Los números favorables que vivimos en la fase inicial deben ser motivo de alegría para todo ciudadano, independientemente de cual haya sido la razón específica del éxito y de quién reciba los aplausos en términos políticos (o los ¨me gusta¨ en Facebook). Muchos países habían implementado (antes que nosotros) cuarentenas y restricciones a la movilidad similares o superiores a las que llamaron las autoridades de salud ticas, así como el uso obligatorio de mascarillas, programas de sanitización de espacios públicos y demás. Pero lamentablemente no obtuvieron los mismos resultados.

¿Por qué fue que en Costa Rica se mantuvieron bajos los contagios y las muertes mientras que en otros países no? Esta pregunta no es fácil de responder científicamente, aunque políticamente cada quien fabricará su propia explicación a conveniencia.
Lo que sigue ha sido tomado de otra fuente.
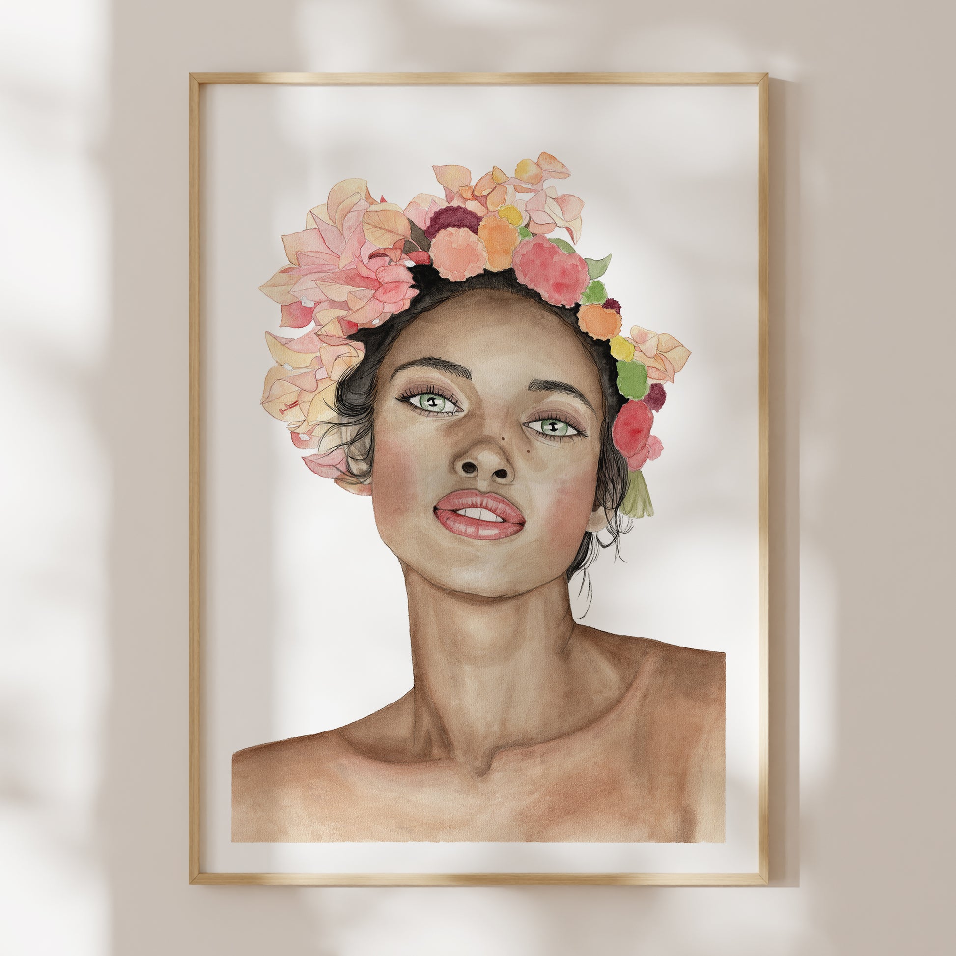 Portrait of a beautiful woman wearing a flower crown. The portrait is inspired by a photograph of model Ava de Lacy (permission to use as reference photo granted by photographer Amberly Valentine).

Aún es muy temprano para emitir un criterio informado con base científica, pero es importante poner en perspectiva la dificultad de responder objetivamente dicha interrogante, dados los factores demográficos, económicos, culturales, genéticos, entre otros, en los que se diferencian las naciones del mundo.

Primeramente, los países tienen diferentes densidades de población lo cual incide en la velocidad de propagación. Por ejemplo, Corea del Sur tiene una densidad de 500 personas por kilómetro cuadrado, mientras que en Costa Rica es cercana a 100. Quienes intentan comparar números absolutos de contagios y muertes entre ambos países para jactarse de nuestros ¨mejores¨ resultados, cometen el error matemático más básico: están comparando papas con chayotes. Igualmente, es sabido que la edad es un factor de riesgo por lo que es de esperar que países con poblaciones más envejecidas sufran mayor cantidad de muertes.

El 50% de nuestra población tiene menos de 31.2 años, mientras que en Italia la edad mediana es de 45 años.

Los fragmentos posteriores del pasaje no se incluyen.